Items from a data source:
== Segment start ==

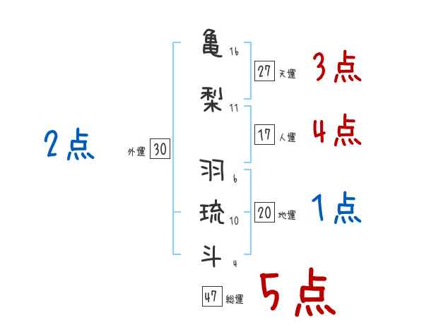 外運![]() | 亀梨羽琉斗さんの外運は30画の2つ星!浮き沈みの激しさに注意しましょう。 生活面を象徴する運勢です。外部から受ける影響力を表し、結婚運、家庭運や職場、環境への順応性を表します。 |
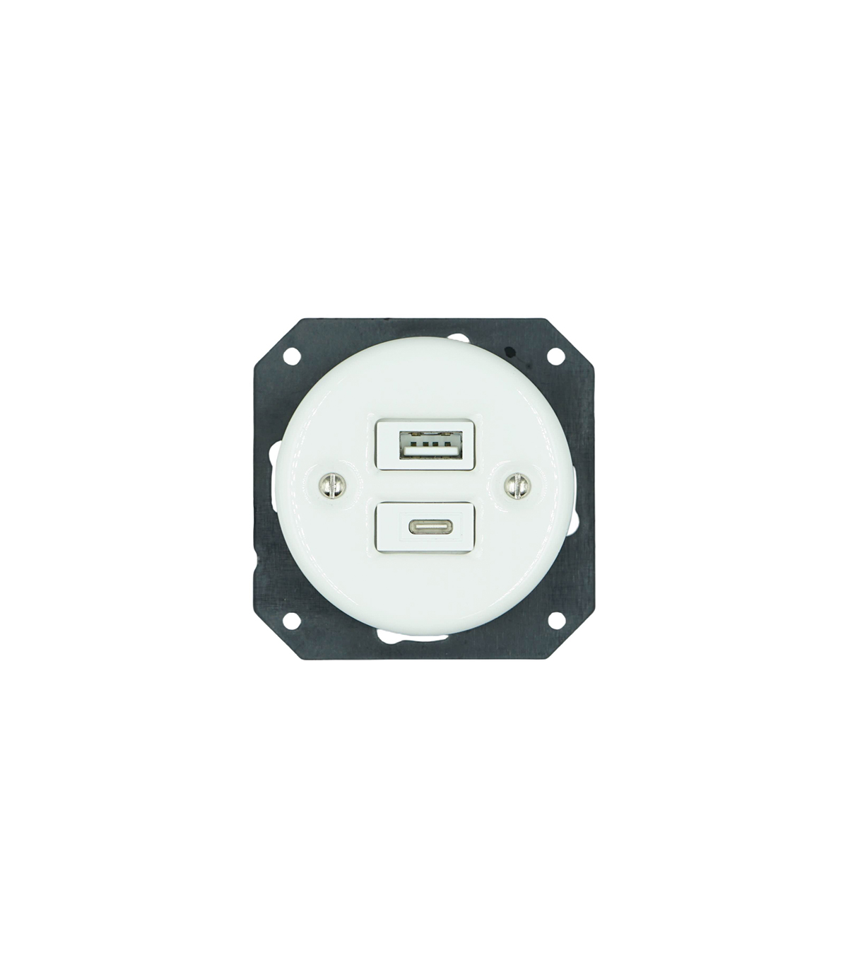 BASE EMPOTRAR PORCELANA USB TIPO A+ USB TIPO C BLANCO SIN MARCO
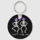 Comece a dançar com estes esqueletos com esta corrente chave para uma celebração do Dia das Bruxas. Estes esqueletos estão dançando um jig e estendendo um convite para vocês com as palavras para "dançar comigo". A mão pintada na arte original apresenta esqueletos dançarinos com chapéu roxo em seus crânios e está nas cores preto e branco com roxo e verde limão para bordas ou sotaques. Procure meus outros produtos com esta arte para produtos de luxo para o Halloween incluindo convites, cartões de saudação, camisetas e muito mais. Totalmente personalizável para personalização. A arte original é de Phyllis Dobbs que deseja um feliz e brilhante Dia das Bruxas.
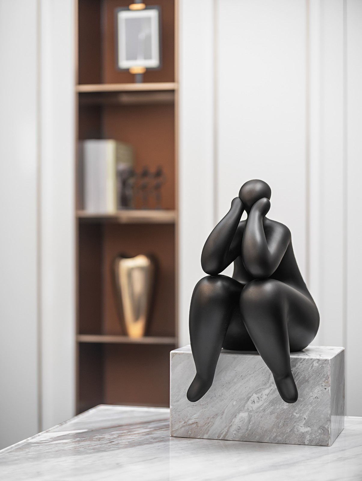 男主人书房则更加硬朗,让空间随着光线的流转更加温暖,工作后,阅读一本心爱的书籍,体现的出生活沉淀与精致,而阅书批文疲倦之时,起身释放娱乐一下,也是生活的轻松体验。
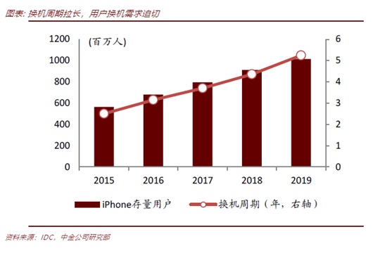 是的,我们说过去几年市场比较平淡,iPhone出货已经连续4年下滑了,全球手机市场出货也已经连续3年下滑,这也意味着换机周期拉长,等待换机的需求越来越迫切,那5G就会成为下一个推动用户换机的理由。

== Segment end ==

▶ **ASSIGNMENT**:
Give every entry back unchanged, with no pictures.

▶ **ANSWER SPACE**:
 外運![]() | 亀梨羽琉斗さんの外運は30画の2つ星!浮き沈みの激しさに注意しましょう。 生活面を象徴する運勢です。外部から受ける影響力を表し、結婚運、家庭運や職場、環境への順応性を表します。 |
 BASE EMPOTRAR PORCELANA USB TIPO A+ USB TIPO C BLANCO SIN MARCO
 Comece a dançar com estes esqueletos com esta corrente chave para uma celebração do Dia das Bruxas. Estes esqueletos estão dançando um jig e estendendo um convite para vocês com as palavras para "dançar comigo". A mão pintada na arte original apresenta esqueletos dançarinos com chapéu roxo em seus crânios e está nas cores preto e branco com roxo e verde limão para bordas ou sotaques. Procure meus outros produtos com esta arte para produtos de luxo para o Halloween incluindo convites, cartões de saudação, camisetas e muito mais. Totalmente personalizável para personalização. A arte original é de Phyllis Dobbs que deseja um feliz e brilhante Dia das Bruxas.
 男主人书房则更加硬朗,让空间随着光线的流转更加温暖,工作后,阅读一本心爱的书籍,体现的出生活沉淀与精致,而阅书批文疲倦之时,起身释放娱乐一下,也是生活的轻松体验。
 是的,我们说过去几年市场比较平淡,iPhone出货已经连续4年下滑了,全球手机市场出货也已经连续3年下滑,这也意味着换机周期拉长,等待换机的需求越来越迫切,那5G就会成为下一个推动用户换机的理由。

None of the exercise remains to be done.